Mora sighed, confronted with an impossible situation, respectively the problem of contacting a lost soul. Her eyes, haunted by fear and doubt, suddenly came to life, as though she had received some kind of message. With pain aching throughout her body, more than enough to make the average person sick, Mora cried into the night, so much of her agony, practically all of it, coming from somewhere within her mind. She leaned forward, unresponsive to everything around her, not to exclude the vast number of hateful expressions on Larry’s face.

“I see someone, very likely your brother,” she announced.

“What does he look like?”

“Opposite to everything else I’ve seen, this man appears to be six feet tall, thirty to forty years of age, with a scar on his knee,” she claimed.

“Is it his left knee?”

“Uh, most likely, I would say that it is,” she said, nervousness in her voice.

“Which is it, yes or no?”

“The spirits, well, you understand, they don’t always give a clear picture of what’s going on. More often than you’d think, sometimes just at the drop of a hat, they can become quite fickle. It might help, of course only if you’re willing, to give me another detail about your brother, hopefully something that I don’t know about him,” she suggested.

“He has, or had, some brown hair, a dimple on his cheek, a beard, and, assuming that my memory is working correctly, which it often isn’t, a tattoo on his leg. Is that enough to answer your questions? You know, the more I think about it, it seems that you might not be on the level with me,” he muttered, frustration in his voice.

“Your brother, the poor thing, he seems to be suffering. I think he’s trying to speak, to communicate, but the words, they’re just not coming,” she stated.

“Listen here: you have ten seconds, ten seconds to prove to me that you’re legitimate, because otherwise, I’ll do worse than fire you. I hope I’ve made myself very clear,” he huffed.

Larry slammed his fist on the table, in what became a blatant, if not rather violent, display of his anger. Mora, clearly under a great amount of pressure, desperately searched for a way to please her customer, even if doing so meant sacrificing her integrity, everything she was as a person, in order to satisfy his needs. Larry watched her very closely, both of his eyes, not just one, fixated on her epic attempt to reveal the impossible.

“Details, I need details,” she begged.

“Does he have blue eyes?”

“Not to sound too confident, I’m pretty sure that he does,” she answered, reluctance in her voice.

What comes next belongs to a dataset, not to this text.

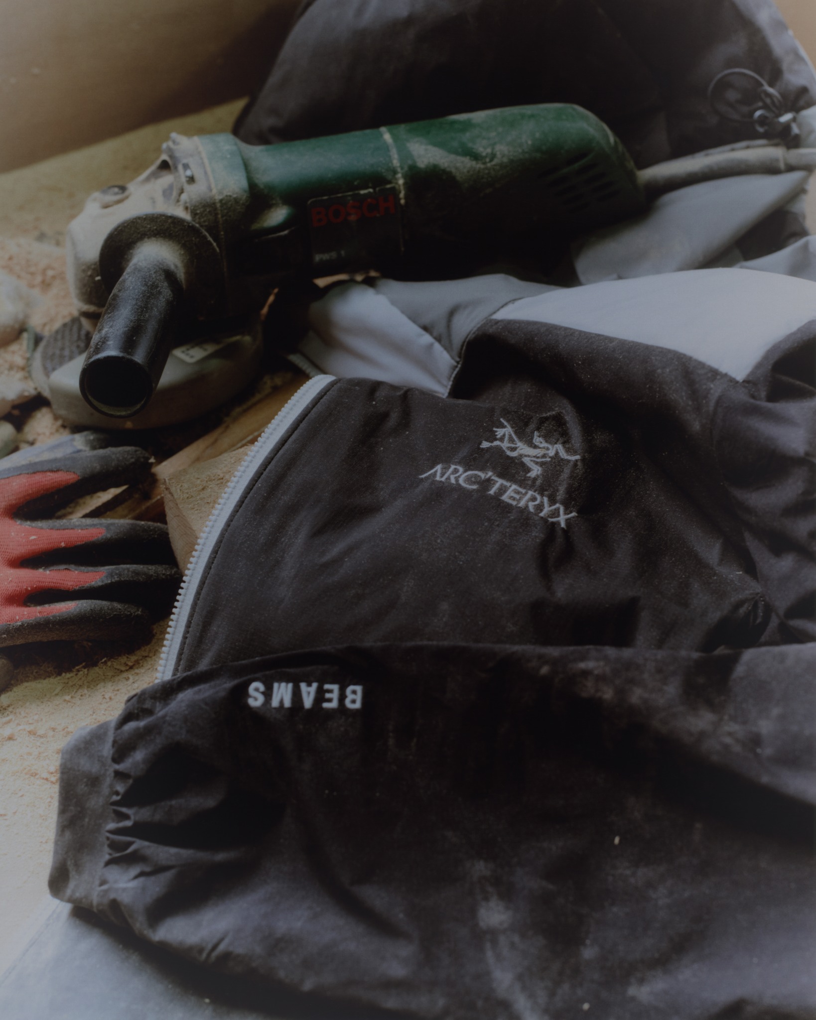 此次系列将“侘寂”这种理念融入其设计中。既所有事物都会随着时间的推移而消散,但要用积极的心态接受这一点并尝试享受它。受到侘寂这种表达日本独特的重视事物理念的词的启发,这次 ARC’TERYX 创造了一种独特的 TRANQUIL 色调,将单色融入到 BEAMS 独特的拼接设计中,打造出 4 种款式单品。此外,延续上次的主视觉效果,由世界级登山家、Arc'teryx Global 签约运动员 ASHIMA SHIRAISHI 担任主视觉设计。在一家制作攀岩支架的工作室中,ASHIMA SHIRAISHI 记录了他和他的登山同伴如何制作木制支架,并将作品转化为视觉效果,唤起工艺和侘寂感。

For reasons only known to him, Larry suddenly rose from the table, not so much angry as he was completely insane. The hatred appeared to be just intense enough, that nothing could seemingly prevent an outburst from occurring. He removed a gun from his pocket, hysterical to the highest degree imaginable, with all of his hatred directed towards something that he didn’t quite understand. Mora gasped, not just in fear for her safety, her very livelihood, but also in fear for everything she had accomplished.

“What are you doing?”

“My brother, the one you claim to know so well, come to find out, has brown eyes. You can’t go on tricking people; I won’t allow it,” he huffed. 

“You made me lie to you. I had it all figured out, the process and everything, so don’t bother to lecture me on ethics. How do you think these things get done? I need more time, just enough to complete the process,” she cried.

“I got a better idea: we’ll see him together, one beside the other,” he said, firing a bullet, the first of two.